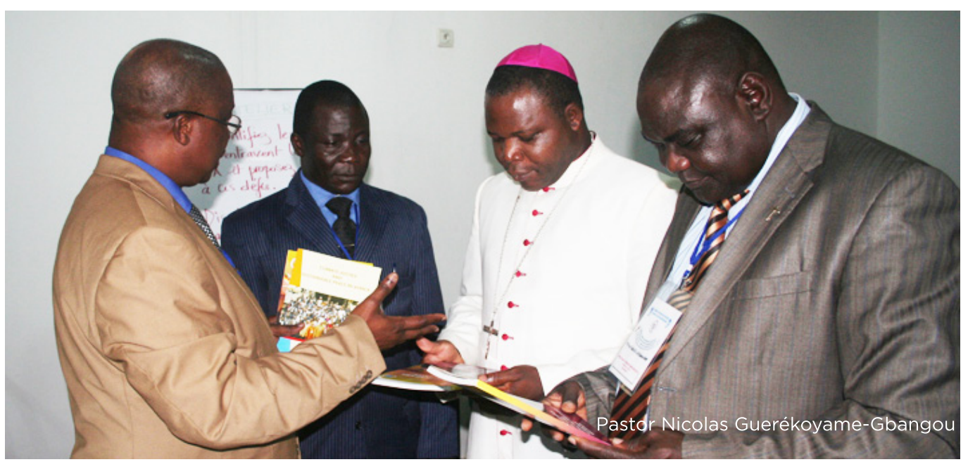
Capacity Building Conference / Workshop for Muslim and Christian Religious Leaders on Conflict Prevention and Peace Building as A Pre-Requisite for Development | Bangui, 25-26 July 2013
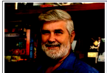
DAVE SABBen MG

Once your order is received, we will contact you before posting to ask how you would like the book(s) endorsed by the author. In this case, your phone or email contact details will be required.
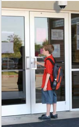
From the Design Side, continued

Contact your Vicon Sales Representative to obtain a copy today.

## ASSIGNED TASK
Print all records verbatim, excluding pictures.

## WRITTEN RESPONSE
Capacity Building Conference / Workshop for Muslim and Christian Religious Leaders on Conflict Prevention and Peace Building as A Pre-Requisite for Development | Bangui, 25-26 July 2013
DAVE SABBen MG

Once your order is received, we will contact you before posting to ask how you would like the book(s) endorsed by the author. In this case, your phone or email contact details will be required.
From the Design Side, continued

Contact your Vicon Sales Representative to obtain a copy today.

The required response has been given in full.